### What this task involves:
Without any pictures, print the lines below from the one that has "Hospital practice namely" through the one that has "PEETOOT'S JOY OVER THE DEAD BEAR.", exactly and nothing else.
(Beginning of Provided information)
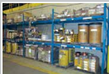
Welding Support Equipment
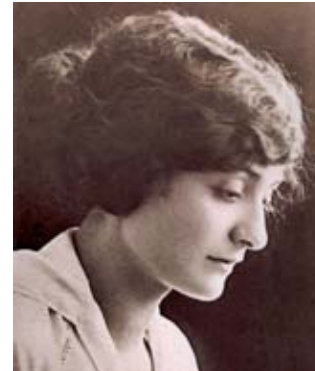
The founder's grandmother. Her sense of design was extraordinary.

St. Geneve began as a family business devoted to creating wonderful high quality duvets in the Vancouver area. Our duvets are now available at exclusive high quality bedding boutiques throughout the USA and Canada. Our reputation has led to orders from Germany, Switzerland and Great Britain. Our duvets and pillows are in the bedrooms of many celebrities.
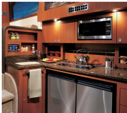
Gourmet galley includes solid-surface countertop, wood flooring, under-counter freezer and refrigerator with stainless-steel fronts, microwave, two-burner stove and built-in coffeemaker.
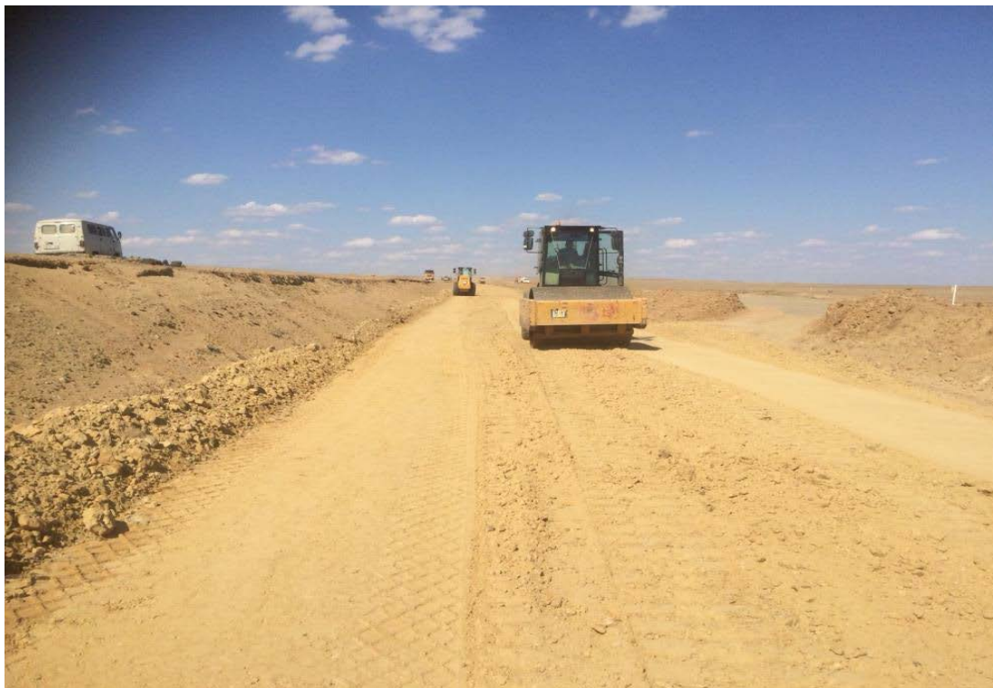
Preparation of the subgrade at CH 423+00
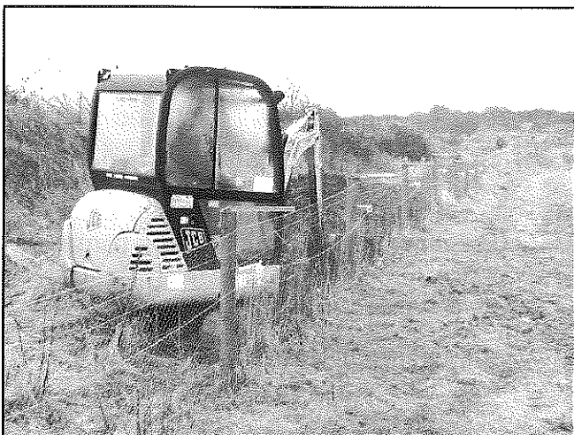
Derek at work in the digger on Pit 4

Pit 2—Contractors clearing footpath section on Pit 2 side. Contractors starting to install new otter-proof fence along 250m of the footpath section. Clearing undergrowth behind swims and removing unwanted snags. Planning route of fencing to be installed. Clearing route for paths.
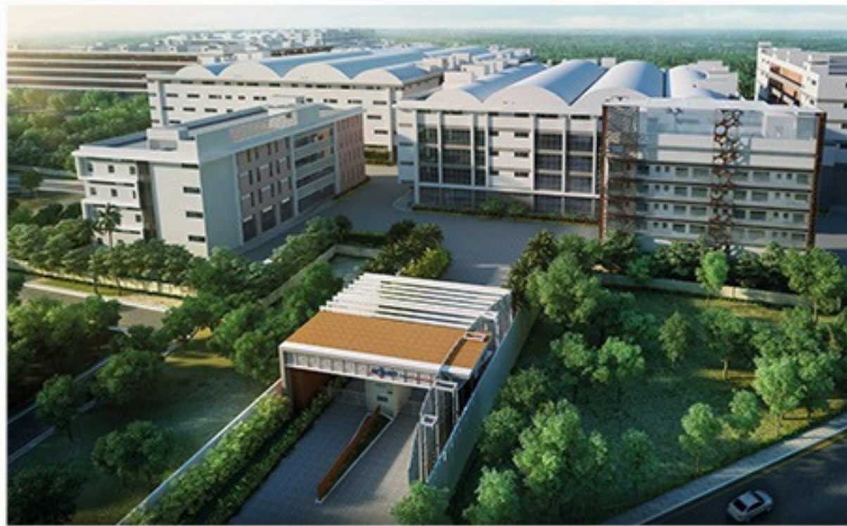
Srijan Industrial Logistic Park NH6
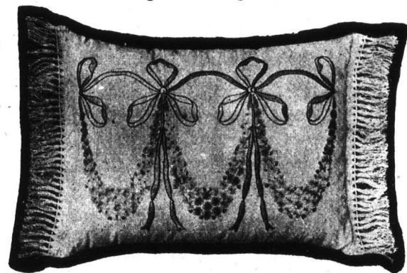
6550—Cushion, 50 cents.

stitch is taken from the centre of the flower out, instead of carrying the thread from the outer edge to next petal, commence each petal from centre. The centre
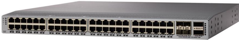
Figure 6. Cisco Nexus 9348GC-FXP Switch

The Cisco Nexus 9336C-FX2 Switch (Figure 7) is a 1RU switch that supports 7.2 Tbps of bandwidth and over 2.8 bpps. The switch can be configured to work as 1/10/25/40/100-Gbps offering flexible options in a compact form factor. All ports support wire-rate MACsec encryption 3 . Breakout is supported on all ports. Please see feature table below for more information.
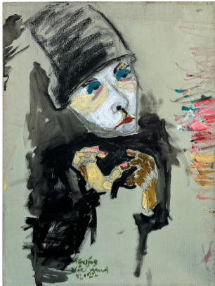
Sinclair Vicisitud Georgia O'keeffe , 2022 Acrylic and Charcoal on Canvas. 24 x 18 x 1 inches.
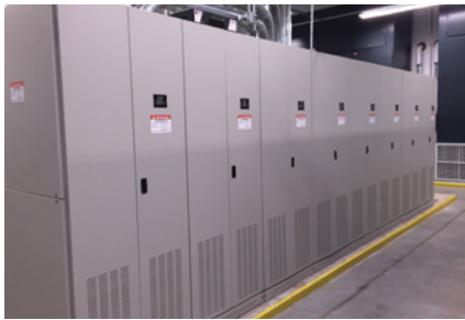
EXTENSIVE VRLA AND VLA BATTERY TYPE EXPERIENCE

As experts in battery health technology, we're always innovating our offerings to remain sustainable and shape the future of our industry.
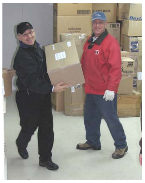
Loading our last shipment of medical supplies.

Hospital practice namely in North America has changed quickly in the past decade. For one thing, hospitlas use more and more disposable supplies in order to minimize need for sterilization. This is because standards of sterility have been constantly raised.
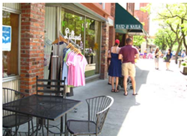
Figure 5: Business owners in Moscow Main Street use outdoor seats, displays, and signs to personalize the interface with streets.
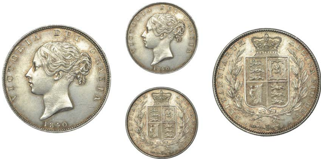
329 Halfcrown, 1840 (ESC 2715; S 3887). Obverse lightly brushed, otherwise good extremely fine, toned £1,000-£1,200 Provenance: St James's Auction 10, 6-7 November 2008, lot 936
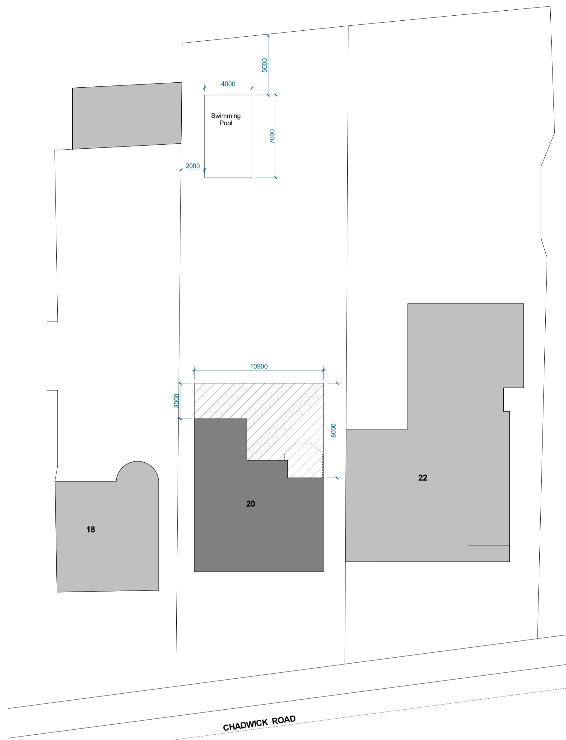
Site Plan Proposed

DRAWN BY: Author SCALE: As indicated DATE: September 2016
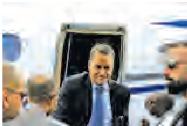
United Nations envoy to Yemen Ismail Ould Cheikh Ahmed steps out of a plane upon arrival at the international airport of Sanaa, Yemen on 29 May, 2015.

He added: “The Special Envoy hopes, and the Secretary-General hopes, that the Geneva consultation on Yemen will create a new dynamic that will build confidence between the Yemeni actors and yield concrete
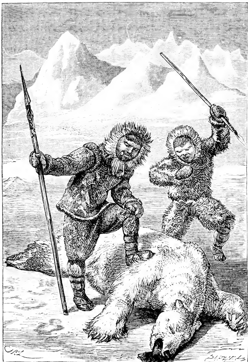
PEETOOT'S JOY OVER THE DEAD BEAR.
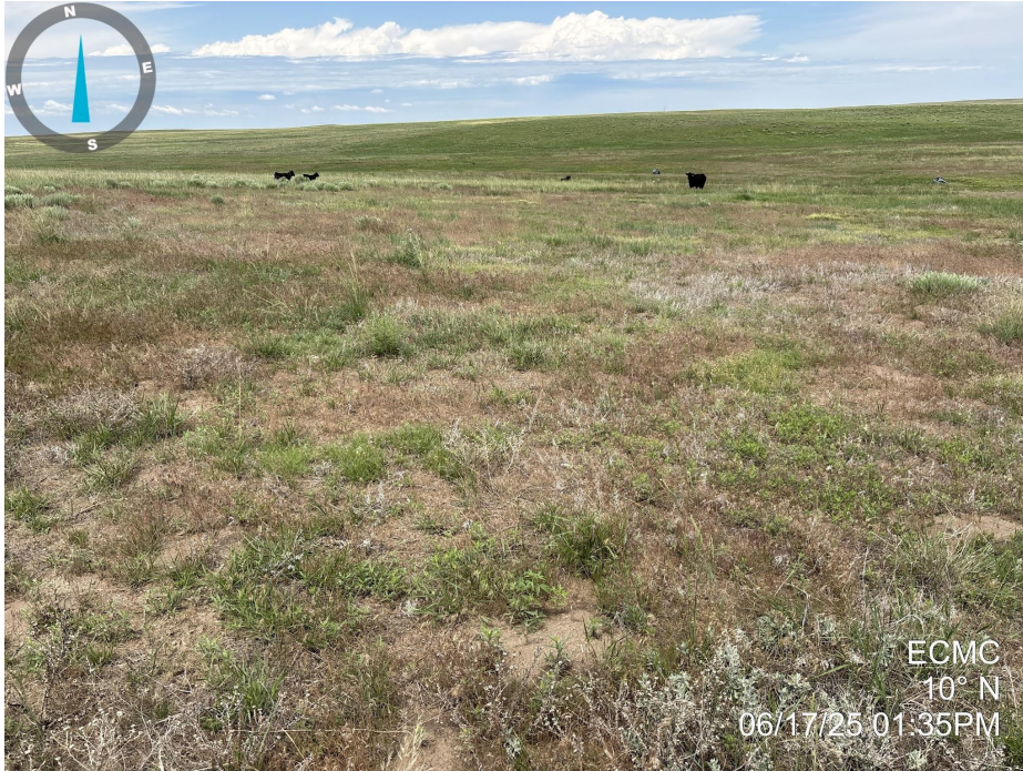
Photo 9. Photo taken of the tank battery location, facing North. Photo illustrates that final reclamation activities appear to have taken place, but weedy annual vegetation dominates the location.
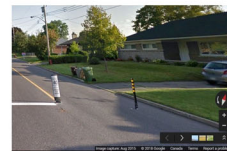
Image 6: Bollards (Yes/No): Bollards are present. Image capture Aug 2015
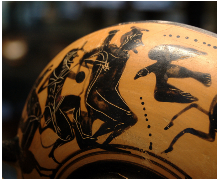
Figure 01: Prometheus, who had been punished by Zeus, is freed by Heracles. Scene depicted on black-figured cup made in Athens, ca. 500 BCE. Part of the collection of the Louvre.

Subsequently, living on Earth becomes a drama. Zeus does not only punish Prometheus but the human population as well. Technological progress, the myth tells us, does not come without cost. While there might have been earlier versions of the Prometheus myth, the earliest version that has survived is in the writings of Hesiod. Hesiod lived most likely between the end of the 8th and the middle of the 7th century BCE (Hesiod and Most, 2006).
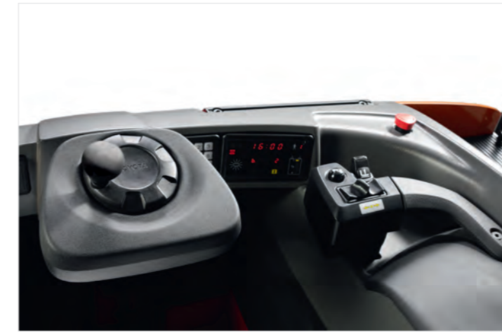
The cab and controls are fully adjustable to suit the driver
(End of Provided information)
### Exercise output:
Hospital practice namely in North America has changed quickly in the past decade. For one thing, hospitlas use more and more disposable supplies in order to minimize need for sterilization. This is because standards of sterility have been constantly raised.
Figure 5: Business owners in Moscow Main Street use outdoor seats, displays, and signs to personalize the interface with streets.
329 Halfcrown, 1840 (ESC 2715; S 3887). Obverse lightly brushed, otherwise good extremely fine, toned £1,000-£1,200 Provenance: St James's Auction 10, 6-7 November 2008, lot 936
Site Plan Proposed

DRAWN BY: Author SCALE: As indicated DATE: September 2016
United Nations envoy to Yemen Ismail Ould Cheikh Ahmed steps out of a plane upon arrival at the international airport of Sanaa, Yemen on 29 May, 2015.

He added: “The Special Envoy hopes, and the Secretary-General hopes, that the Geneva consultation on Yemen will create a new dynamic that will build confidence between the Yemeni actors and yield concrete
PEETOOT'S JOY OVER THE DEAD BEAR.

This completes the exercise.